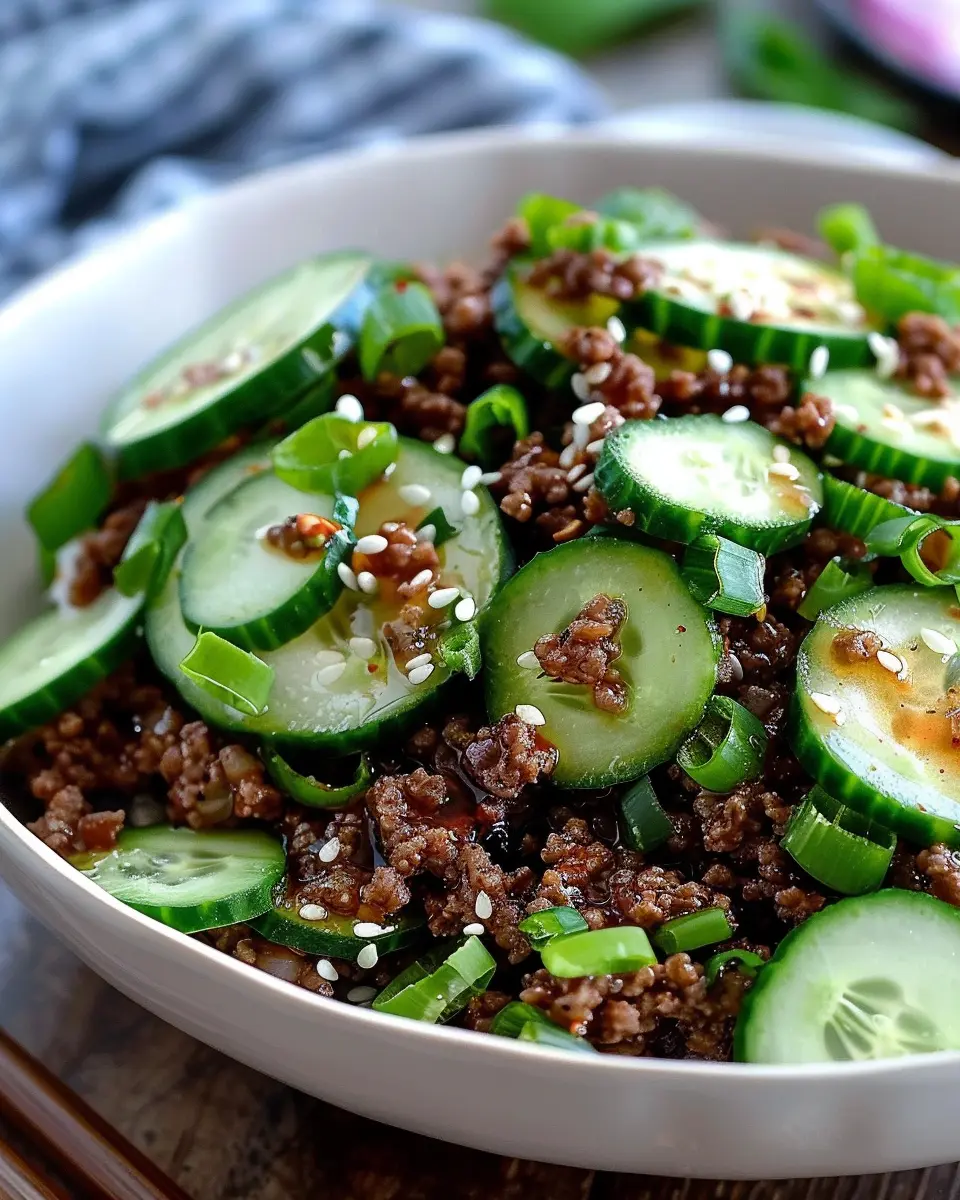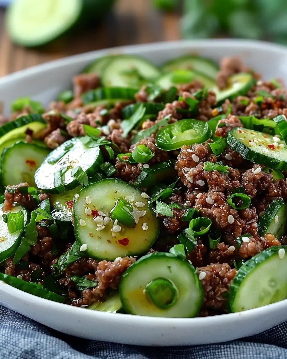 The ingredients are not only accessible but also packed with nutrients. Ground beef is rich in protein and essential vitamins, while the cucumber salad adds a fresh crunch and hydration—perfect for balancing out the heat of the dish. According to the USDA, just 3.5 ounces of ground beef can provide over 25 grams of protein, making this meal an excellent choice for those looking to maintain their energy levels throughout the day.
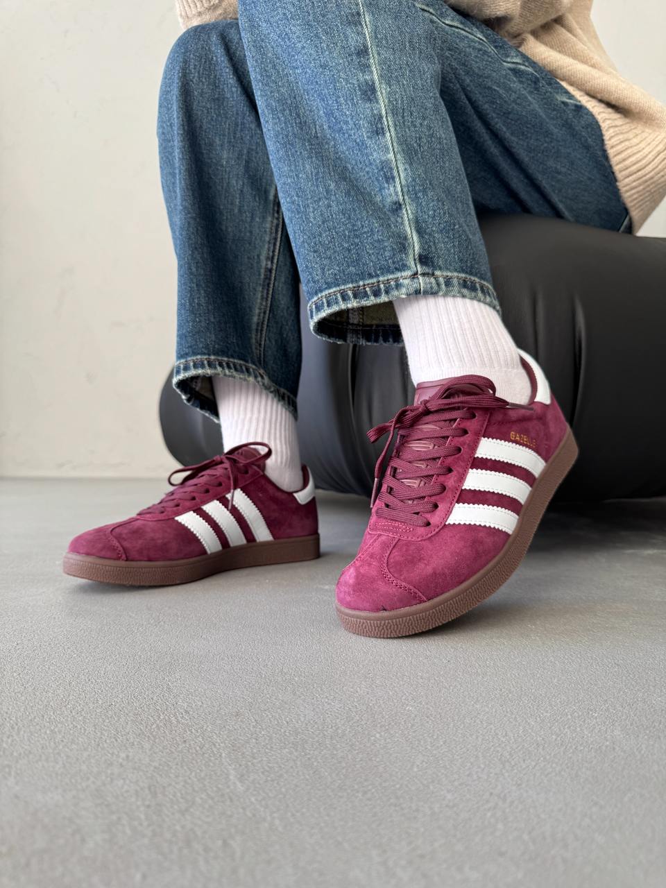 Adidas Gazelle Bordo — універсальні кеди в глибокому бордовому кольорі, які поєднують стиль ретро і комфорт.
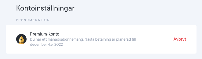 När du har bekräftat din annullering får du premiumåtkomst i 30 dagar från din senaste månadsbetalning eller 7 dagar från din senaste testbetalning. När ditt premium abonnemang upphör är ditt konto nedgraderat till gratisversionen.
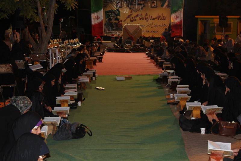 در این مراسم نورانی حاضرین یاد و خاطره شهدا را گرامی داشته و با تلاوت آیات روح بخش کلام وحی در فضائی ملکوتی ثواب آن را به روح مطهر شهدای والامقام هدیه کردند.
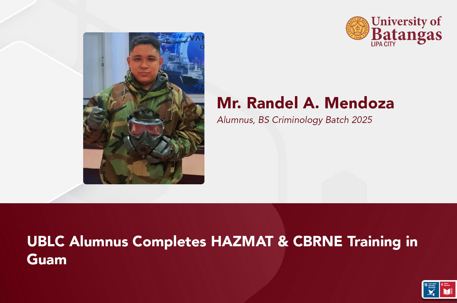 The University of Batangas Lipa City (UBLC) proudly congratulates Mr. Randel A. Mendoza, a graduate of the College of Criminal Justice Education, for successfully completing the State Partnership Program (SPP) Basic Operations for HAZMAT & CBRNE (Chemical, Biological, Radiological, Nuclear Events) Management 2025. The training was conducted by the U.S. Military Guam National Guard.
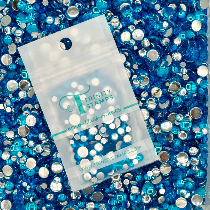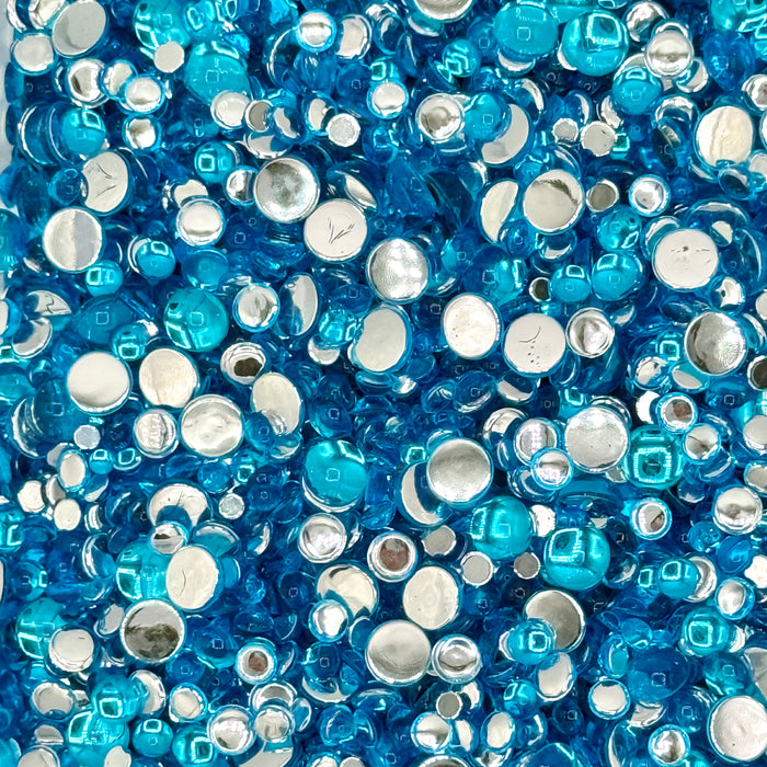 This silver backed transparent bauble mix contains four sizes of flat-back acrylic "pearls" (3mm,4mm,5mm, 6mm)
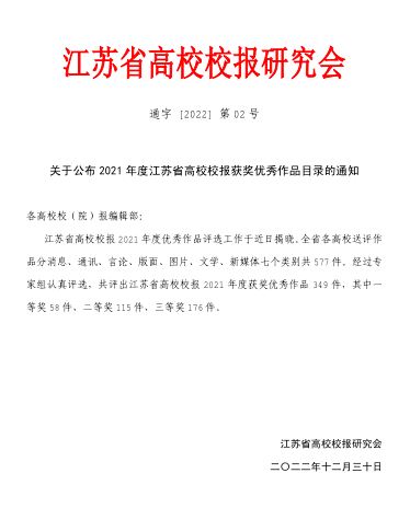 江苏省高校校报 2021年度优秀作品评选结果近日揭晓。澳洲10手机版校报获评新闻摄影类一等奖、通讯类三等奖、新媒体类三等奖。全省各高校送评作品分消息、通讯、言论、版面、图片、文学、新媒体七个类别,共 577件。经过专家组认真评选,共评出江苏省高校校报 2021 年度获奖优秀作品 349 件,其中一等奖 58件、二等奖 115件、三等奖 176件。
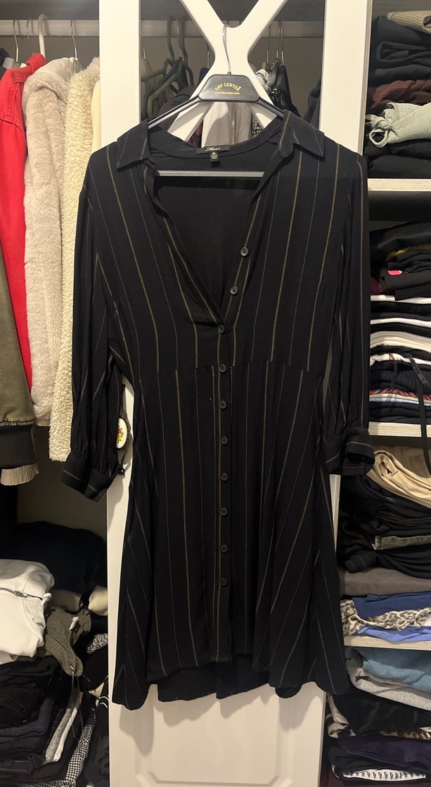 Düğmeli, V yaka, uzun kollu, çizgili, midi boy siyah elbise.
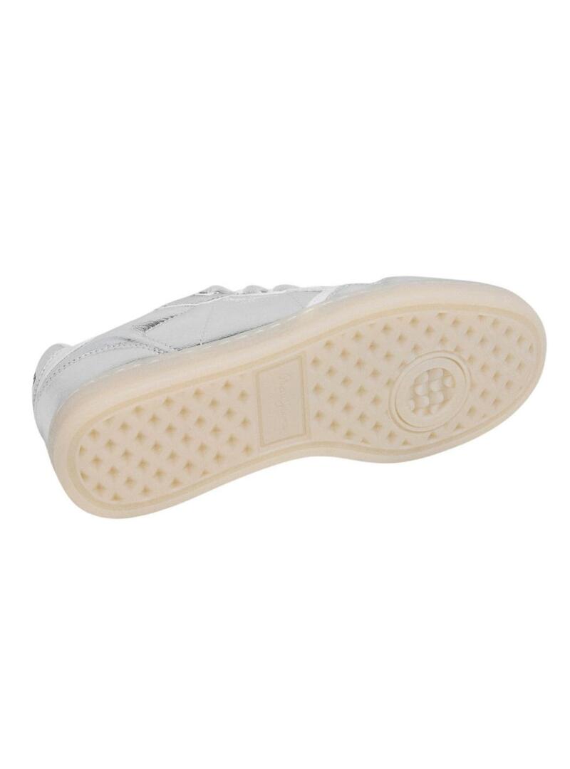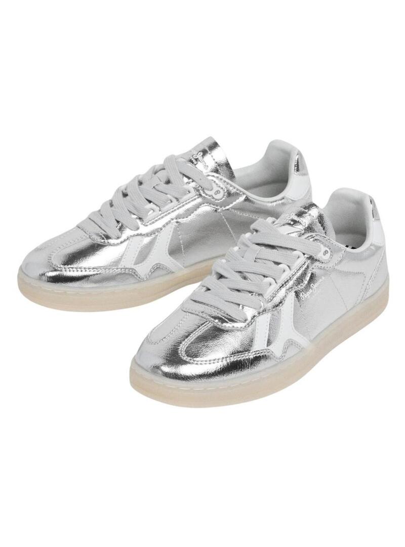 Scarpe Pepe Jeans. Modello Ball Sparkly. Argento metallizzato. Effetto pelle. Effetto metallizzato su tutta la superficie. Chiusura con lacci e anelli a forma di D. Logo termosaldato sui lati. Soletta termoformata e removibile. Linee dinamiche in contrasto sui lati. Tallone in contrasto con logo in rilievo. Suola cupsole in gomma traslucida. Non lavare in lavatrice.
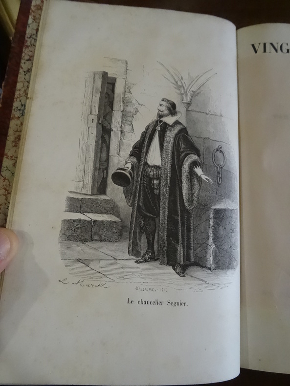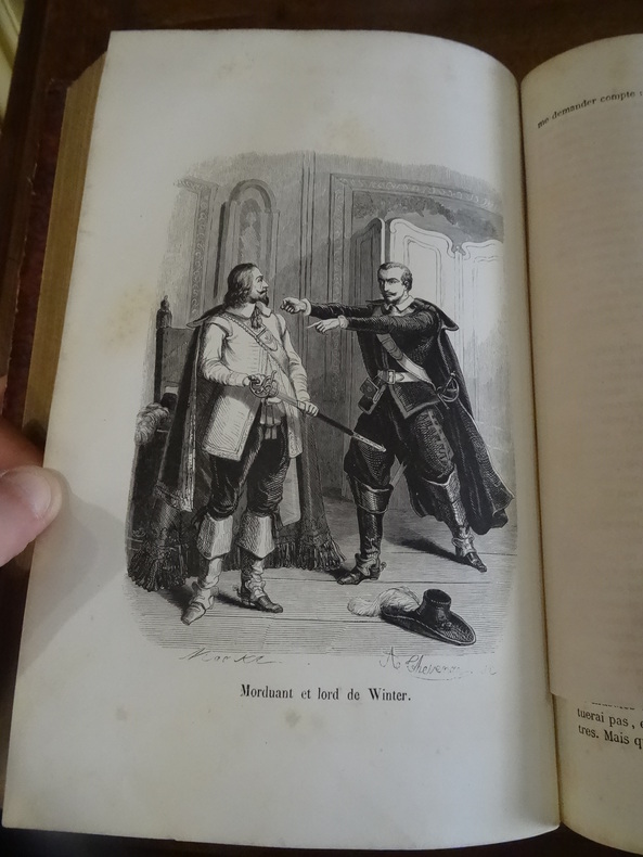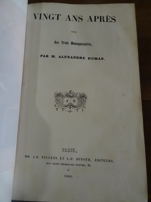 suite des Trois Mousquetaires.In 8 demi-chagrin noir titre,filets dorés,filets à froid, illustrations hors-texte gravées sur bois, lettrines culs de lampe;Dufour,Mulat et Boulanger éditeurs 1857(une petite tache en tête sans gravité,un timbre de colportage, (coins légèrement émoussés-coupes frottées)

__________

__Problem__
Give again, please, precisely the lines that begin the records and run through the line with "در این مراسم" in it, keeping both end lines and dropping any pictures.

__Answer area__
 The ingredients are not only accessible but also packed with nutrients. Ground beef is rich in protein and essential vitamins, while the cucumber salad adds a fresh crunch and hydration—perfect for balancing out the heat of the dish. According to the USDA, just 3.5 ounces of ground beef can provide over 25 grams of protein, making this meal an excellent choice for those looking to maintain their energy levels throughout the day.
 Adidas Gazelle Bordo — універсальні кеди в глибокому бордовому кольорі, які поєднують стиль ретро і комфорт.
 När du har bekräftat din annullering får du premiumåtkomst i 30 dagar från din senaste månadsbetalning eller 7 dagar från din senaste testbetalning. När ditt premium abonnemang upphör är ditt konto nedgraderat till gratisversionen.
 در این مراسم نورانی حاضرین یاد و خاطره شهدا را گرامی داشته و با تلاوت آیات روح بخش کلام وحی در فضائی ملکوتی ثواب آن را به روح مطهر شهدای والامقام هدیه کردند.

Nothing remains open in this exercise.